INPUT DATA:
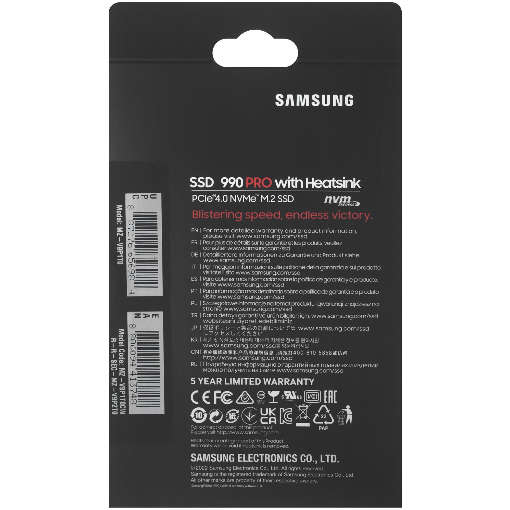 Накопитель SSD Samsung 990 PRO, 1000Gb, PCIe 4.0 x4, M.2 2280, NVMe, R/W 7450/6900, с радиатором
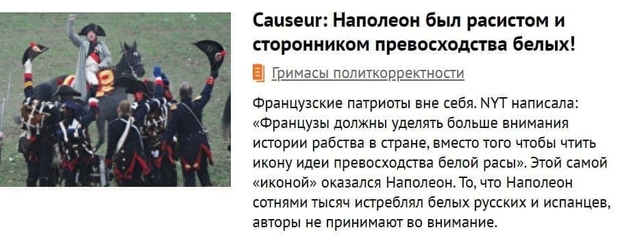 CША советуют Франции не отмечать двухсотлетие со дня смерти Наполеона. Отказаться от памятных мероприятий порекомендовали в Виргинском университете. Там императора назвали расистом. И заявили, что Франция не ведет, а должна бы вести борьбу с "наследием колонизаторов", статья об этом вышла на страницах NYT.
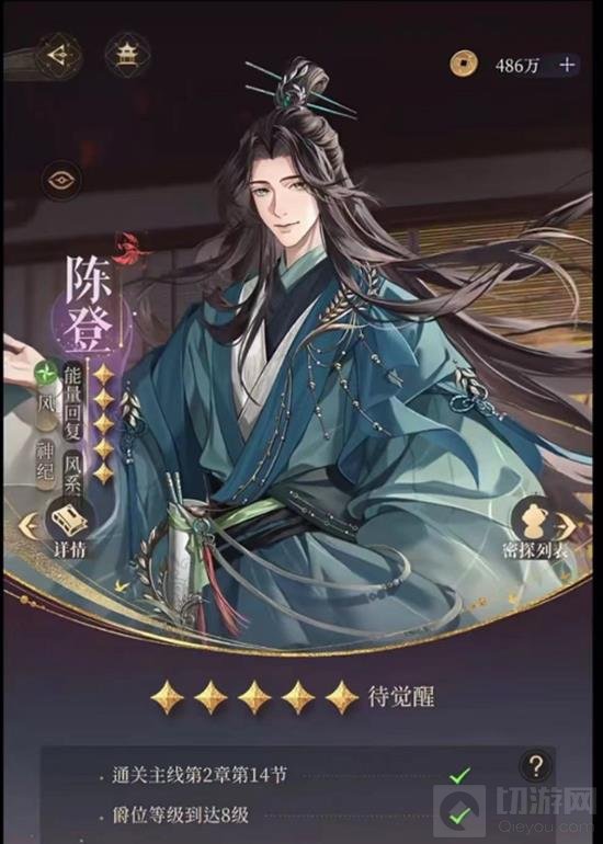 《如鸢》中的陈登是一名紫卡级别的密探,主要扮演辅助角色。拥有给阵容恢复能量的特点。
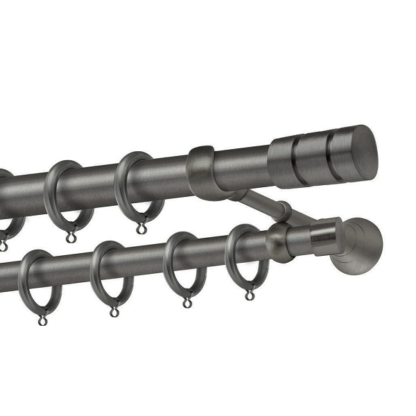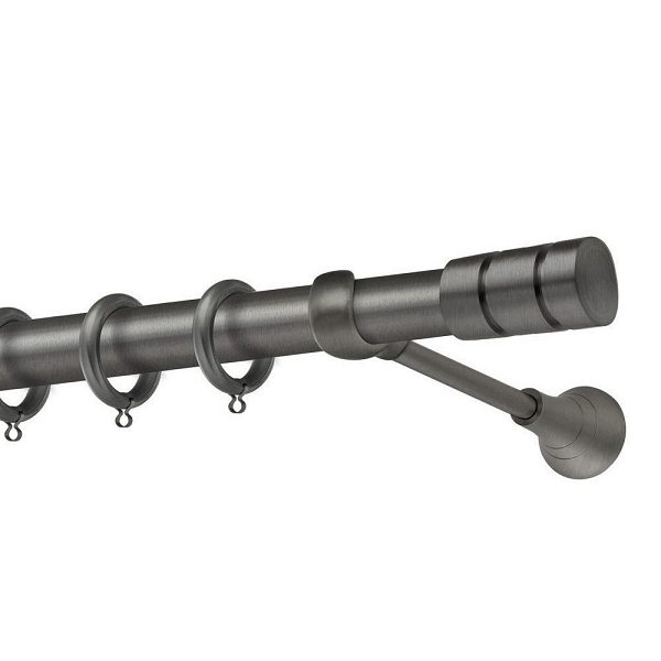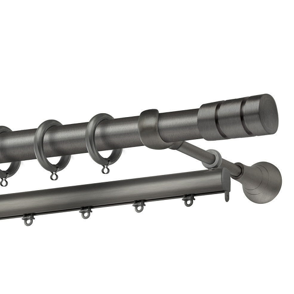 Μεταλλική κουρτινόβεργα Σαλαμίνα της εταιρείας Perfect, χρώματος Ανθρακί Ματ, σε μονή βέργα, διπλή βέργα ή διπλή με σιδηρόδρομο σε διάφορες διαστάσεις. Η διάμετρος της βέργας είναι Ø25mm και περιλαμβάνει έως 3 στηρίγματα ανάλογα με την διάσταση.

THE TASK: Everything in the material above should be reproduced exactly, except the pictures.

RESPONSE AREA:
 Накопитель SSD Samsung 990 PRO, 1000Gb, PCIe 4.0 x4, M.2 2280, NVMe, R/W 7450/6900, с радиатором
 CША советуют Франции не отмечать двухсотлетие со дня смерти Наполеона. Отказаться от памятных мероприятий порекомендовали в Виргинском университете. Там императора назвали расистом. И заявили, что Франция не ведет, а должна бы вести борьбу с "наследием колонизаторов", статья об этом вышла на страницах NYT.
 《如鸢》中的陈登是一名紫卡级别的密探,主要扮演辅助角色。拥有给阵容恢复能量的特点。
 Μεταλλική κουρτινόβεργα Σαλαμίνα της εταιρείας Perfect, χρώματος Ανθρακί Ματ, σε μονή βέργα, διπλή βέργα ή διπλή με σιδηρόδρομο σε διάφορες διαστάσεις. Η διάμετρος της βέργας είναι Ø25mm και περιλαμβάνει έως 3 στηρίγματα ανάλογα με την διάσταση.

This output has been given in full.